Mr. J. S. Mill observes that historians, travellers, and all who write or speak concerning moral and social phenomena with which they are unacquainted, are apt to confound in their descriptions things wholly diverse. Having but a scanty vocabulary of words relating to such phenomena, and never having analyzed the facts to which these words correspond in their own country, they apply them to other facts to which they are more or less inapplicable. Thus, as I have before briefly stated, the first English conquerors of Bengal carried with them the phrase “landed proprietor” into a country where the rights of individuals over the soil were extremely different in degree, and even in nature, from those recognized in England. Applying the term with all its English associations in such a state of things, to one who had only a limited right they gave an absolute right; from another, because he had not an absolute right, they took away all right; drove whole classes of men to ruin and despair; filled the country with banditti; created a feeling that nothing was secure; and produced, with the best intentions, a disorganization which had not been produced in that country by the most ruthless of its barbarian invaders.[33]
How often, in reading ancient history, are we misled by the application of modern terms to past institutions and events! Guizot, in speaking of the towns of Europe between the fifth and tenth centuries, cautions his readers against concluding that their state was one either of positive servitude or of positive freedom. He observes that when a society and its language have lasted a considerable time, its words acquire a complete, determinate, and precise meaning,—a kind of legal official signification. Time has introduced into the signification of every term a thousand ideas, which are suggested to us every time we hear it pronounced, but which, as they do not all bear the same date, are not all suitable at the same time. Thus the terms “servitude” and “freedom” recall to our minds ideas far more precise and definite than the facts of the eighth, ninth, or tenth centuries, to which they relate. Whether we say that the towns in the eighth century were in a state of “freedom” or in a state of “servitude,” we say, in either case, too much; for they were a prey to the rapacity of the strong, and yet maintained a certain degree of independence and importance.

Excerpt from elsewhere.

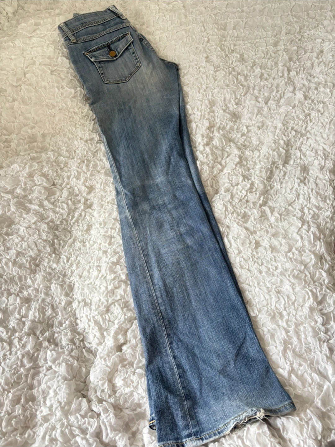 20年ぐらい前にユニクロで販売されていた画像のブーツカットのデニムパンツをダメ元で探しています。画像のもの若しくはGLAMORUSコラボ商品のもの。 ウエスト22(56cm)か販売されていたか不明ですが、あれば21のもの。 裾上げしていないもの。(フルレングスで股下約76〜78cmぐらい) 多少の色褪せと裾のスレや解れ等のダメージ、ポケット外側部分的なダメージは気にしません。 極端な汚れやシミがないもの。なぜかペンキ汚れは気にならないのでOK。 本体の穴(膝やお尻)や極端な生地のダメージ、ベルトループの切れ(スレはOK)などのダメージは気にします。 ネイビーなどのブルー系を探しておりますが ブラック系の色でも大丈夫です。 まだお持ちのかた、手放すことをお考えのかた、コンディション次第ですが格安でお譲り頂けないでしょうか?
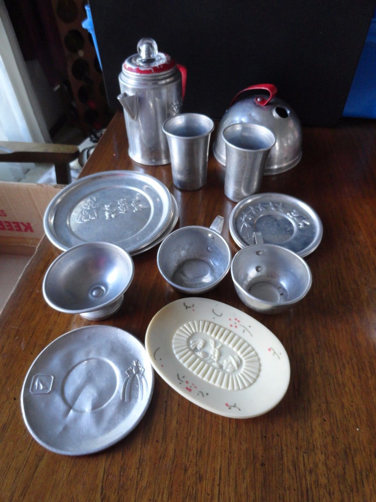 VINTAGE CHILD''S DISHES, COFFEE POT AND TEA POT

So, again, as the same writer shows, the term “civilization” comprises more or fewer ideas, according to the sense, popular or scientific, in which it is used. “The popular signification of a word is formed by degrees, and while all the facts it represents are present. As often as a fact comes before us which seems to answer to the signification of a known term, this term is naturally applied to it, and thus its signification goes on broadening and deepening, till, at last, all the various facts and ideas which, from the nature of things, ought to be brought together and embodied in the term, are collected and embodied in it. When, on the contrary, the signification of a word is determined by science, it is usually done by one or a very few individuals, who, at the time, are under the influence of some particular fact, which has taken possession of their imagination. Thus it comes to pass that scientific definitions are, in general, much narrower, and, on that very account, much less correct, than the popular significations given to words.”
It is this continual incorporation of new facts and ideas,—circumstances originally accidental,—into the permanent significations of words, which makes the dictionary definition of a word so poor an exponent of its real meaning. For a time this definition suffices; but in the lapse of time many nice distinctions and subtle shades of meaning adhere to the word, which whoever attempts to use it with no other guide than the dictionary is sure to confound. Hence the ludicrous blunders made by foreigners, whose knowledge of a language is gained only from books; and hence the reason why, in any language, there are so few exact synonyms.
How many persons who oppose compulsory education, have been frightened by the word “compulsory,” attaching to it ideas of tyranny and degradation! How many persons are there in every community, who, in the language of Milton,
“Bawl for freedom in their senseless mood,
And still revolt when the truth would make them free;
License they mean when they cry liberty,
For who love that, must first be wise and good.”
Who can estimate the amount of mischief which has been done to society by such phrases as “Liberty, Equality, and Fraternity,” and other such “rabble-charming words,” as South calls them, “which have so much wildfire wrapped up in them”? How many persons who declaim passionately about “the majesty of the people,” “the sovereignty of the people,” have ever formed for themselves any definite conceptions of what they mean by these expressions? Locke has well said of those who have the words “wisdom,” “glory,” “grace,” constantly at their tongue’s end, that if they should be asked what they mean by them, they would be at a stand, and know not what to answer. Even Locke himself, who has written so ably on the abuse of words, has used some of the cardinal and vital terms in his philosophy in different senses. La Harpe says that the express object of the entire “Essay on the Human Understanding” is to demonstrate rigorously that l’entendement est esprit et d’une nature essentiellement distincte de la matière; yet the author has used the words “reflection,” “mind,” “spirit,” so vaguely that he has been accused of holding doctrines subversive of all moral distinctions. Even the eagle eye of Newton could not penetrate the obscurity of Locke’s language, and on reading the “Essay” he took its author for a Hobbist. De Maistre declares the title a misnomer; instead of being called an “Essay on the Human Understanding,” it should be entitled, he thinks, an “Essay on the Understanding of Locke.”